Una pioggia di condanne, per un totale di oltre tre secoli e mezzo di reclusione. È questa la richiesta formulata dalla Direzione Distrettuale Antimafia di Reggio Calabria, guidata dal Procuratore Capo Giuseppe Borrelli, nel quadro del procedimento "Arangea bis". Al centro della requisitoria del pubblico ministero Nicola De Caria, spicca la posizione di Luca Lucci, ex capo storico della tifoseria organizzata del Milan, per il quale sono stati chiesti 10 anni di carcere.

L’inchiesta delinea un sistema complesso dedito al narcotraffico internazionale. Secondo l’accusa, il gruppo criminale operava con contatti consolidati nei circuiti sudamericani, garantendo l'arrivo costante di carichi di stupefacenti presso lo scalo portuale di Gioia Tauro. Da lì, la droga veniva smistata verso le piazze di spaccio gestite dai diversi gruppi criminali coinvolti.

L’indagine non si limita alla cronaca dei traffici, ma scava nei rapporti personali che cementavano le alleanze. Un dettaglio emblematico sottolineato dagli inquirenti riguarda proprio Lucci: l’ex leader ultras avrebbe scelto Rosario Calabria (per il quale sono stati chiesti 18 anni) come padrino di Cresima del proprio figlio. Rosario Calabria è cugino di Antonio Rosario Trimboli, figura di spicco della Locride per cui la Procura ha invocato la condanna a 20 anni.

Il PM De Caria ha colpito duramente il presunto organigramma delle famiglie della Locride e dei clan di Reggio Calabria sud. Tra le richieste di condanna più pesanti figurano:

  • Francesco Barbaro: 20 anni di reclusione.
  • Antonio Rosario Trimboli: 20 anni di reclusione.
  • Rosario Calabria: 18 anni di reclusione.

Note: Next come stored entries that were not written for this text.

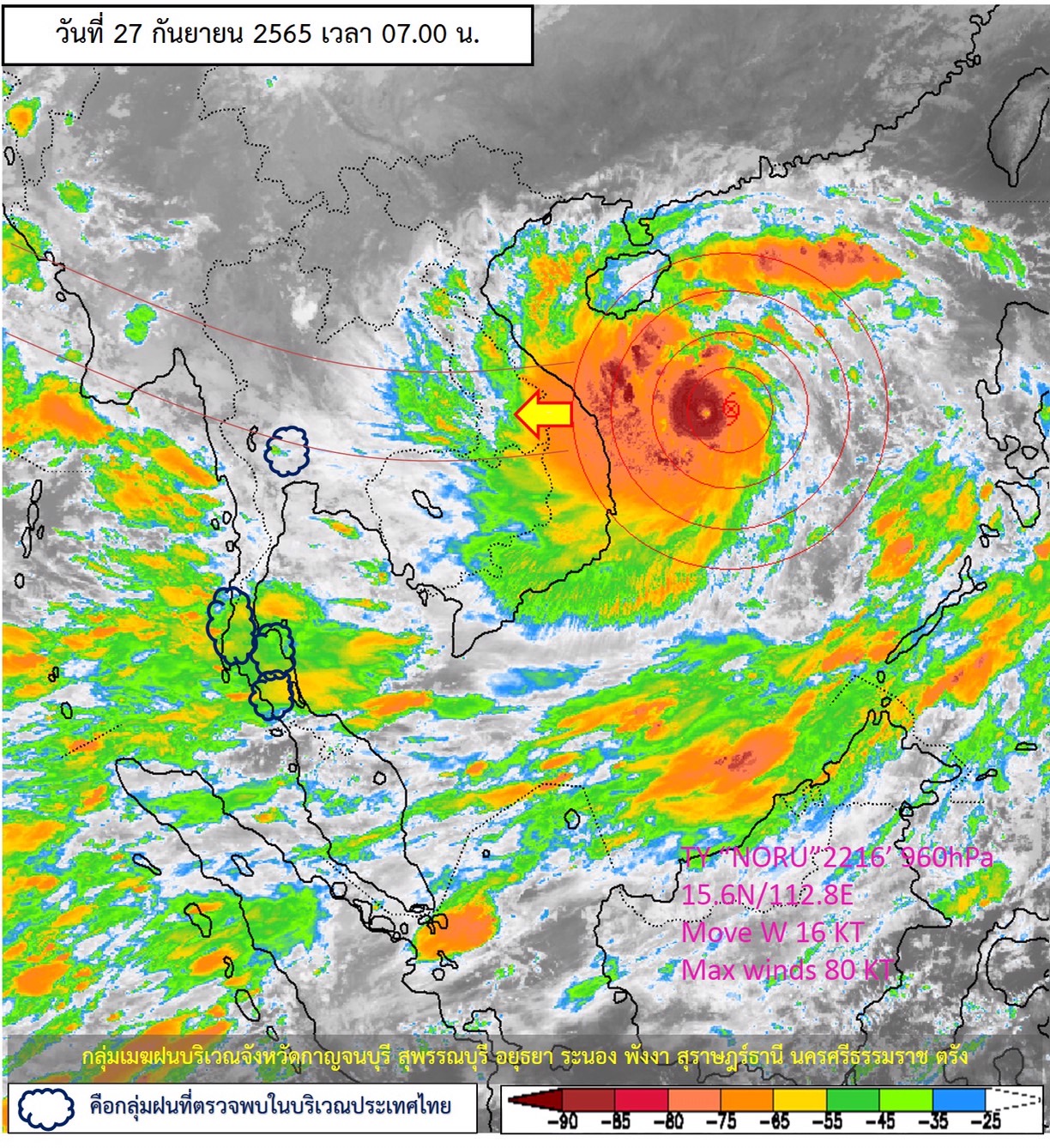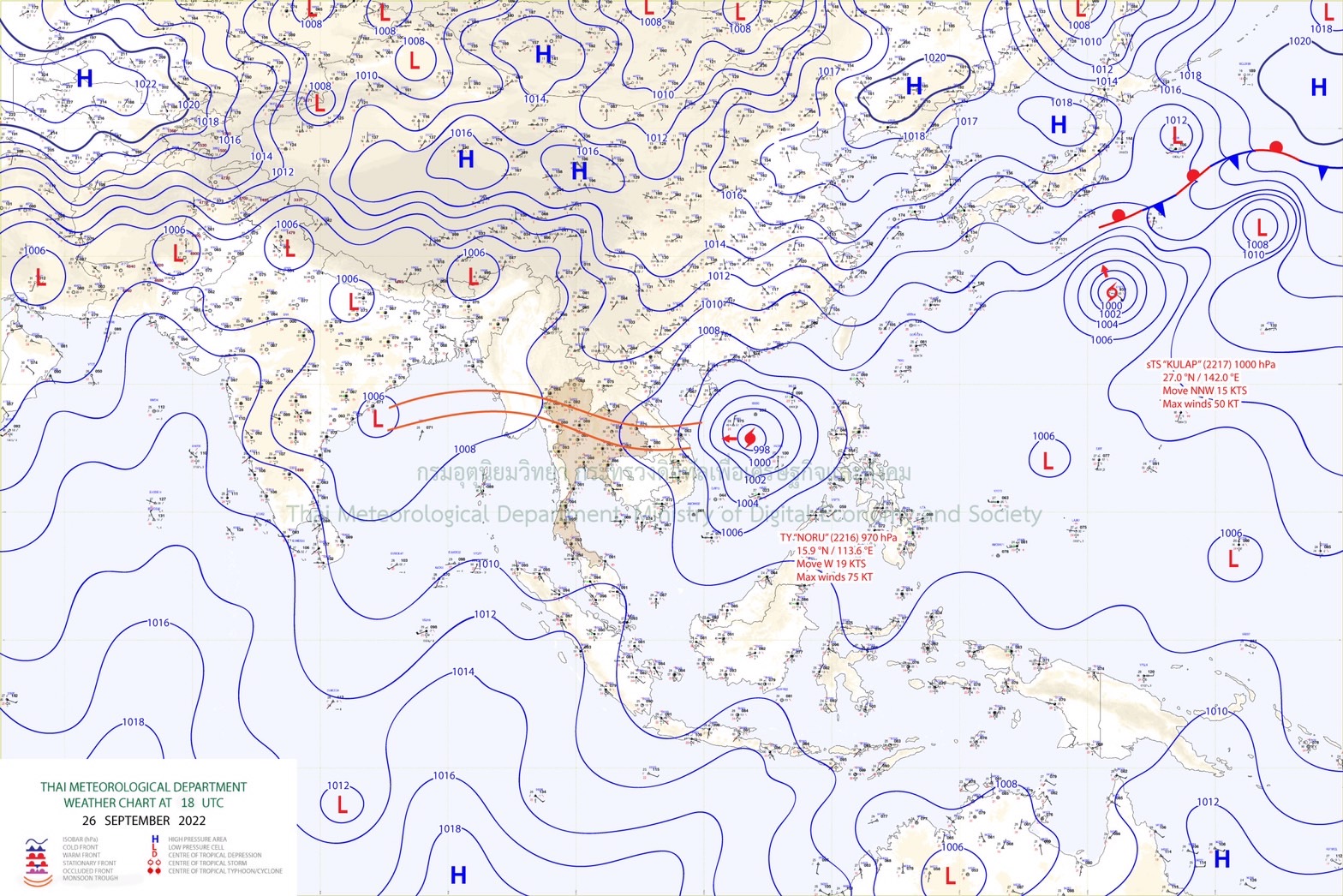 อนึ่ง พายุไต้ฝุ่น “โนรู” บริเวณทะเลจีนใต้ตอนกลาง คาดว่าจะเคลื่อนขึ้นฝั่งประเทศเวียดนามตอนกลาง ในวันที่ 28 กันยายน 2565 และจะอ่อนกำลังลงเป็นพายุโซนร้อน และพายุดีเปรสชันตามลำดับ จากนั้นจะเคลื่อนเข้าปกคลุมภาคตะวันออกเฉียงเหนือตอนกลาง
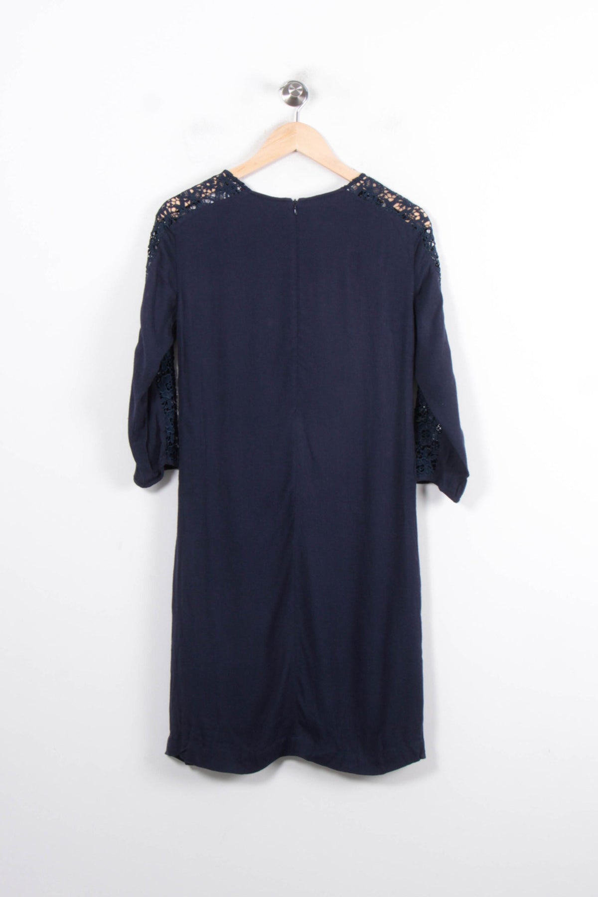 Robe bleu Comptoir des Cotonniers, taille S/36, élégante et féminine avec des manches trois-quarts ornées de dentelle florale ajourée. La matière fluide et douce du corps de la robe offre un grand confort, tandis que les détails en dentelle raffinée sur les épaules et les manches apportent une touche de sophistication unique. Parfaite pour un cocktail ou une soirée élégante, cette robe saura vous distinguer en toute discrétion.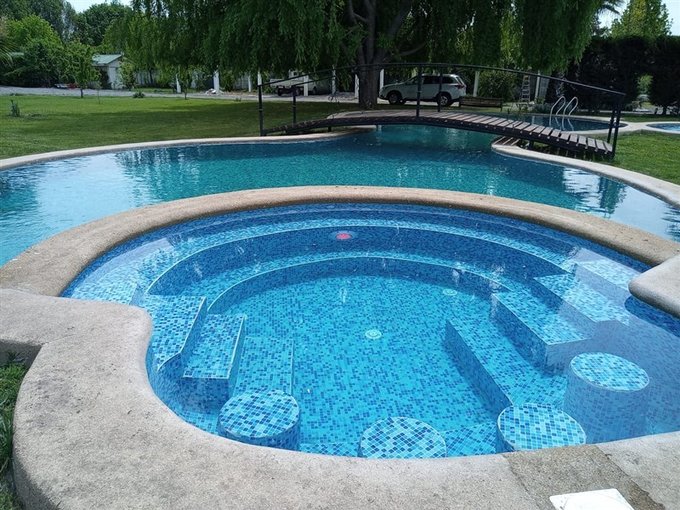 Piscina de Lujo (20m x 8m): Diseño en forma de 8 con jacuzzi temperado, paneles solares y revestimiento completo en mosaicos. Perfecta para relajarse!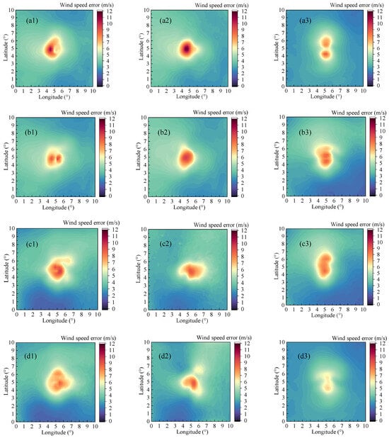Spatial distribution of error in: (a1) resultant wind speed of B1 scenario; (a2) U-direction wind speed of B1 scenario; (a3) V-direction wind speed of B1 scenario; (b1) Resultant wind speed of B2 scenario; (b2) U-direction wind speed of B2 scenario; (b3) V-direction wind speed of B2 scenario; (c1) resultant wind speed of B3 scenario; (c2) U-direction wind speed of B3 scenario; (c3) V-direction wind speed of B3 scenario; (d1) resultant wind speed of B4 scenario; (d2) U-direction wind speed of B4 scenario; (d3) V-direction wind speed of B4 scenario.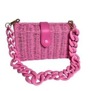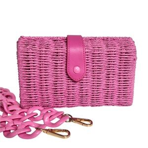 Pink straw purse, wear with plastic tortoise-shell style strap, long thin adjustable faux leather straps, or as a clutch. Magnetic strap closure. Never worn, NWOT

Nel registro degli imputati (23 in totale tra gli arrestati di luglio 2025) compaiono anche nomi come Elvio Giuseppe Brivio, Samuel Cimarrusti, Santo Crea e Santo Flaviano.

L’operazione "Arangea bis" era scattata il 14 luglio 2025, in contemporanea con il blitz "Oikos", assestando un colpo durissimo alle connessioni tra la criminalità organizzata calabrese e le proiezioni operative nel Nord Italia. Il processo punta ora a confermare l'esistenza di questo "gruppo operativo ben rodato" capace di muovere tonnellate di stupefacenti e miliardi di euro sotto l'egida della 'ndrangheta.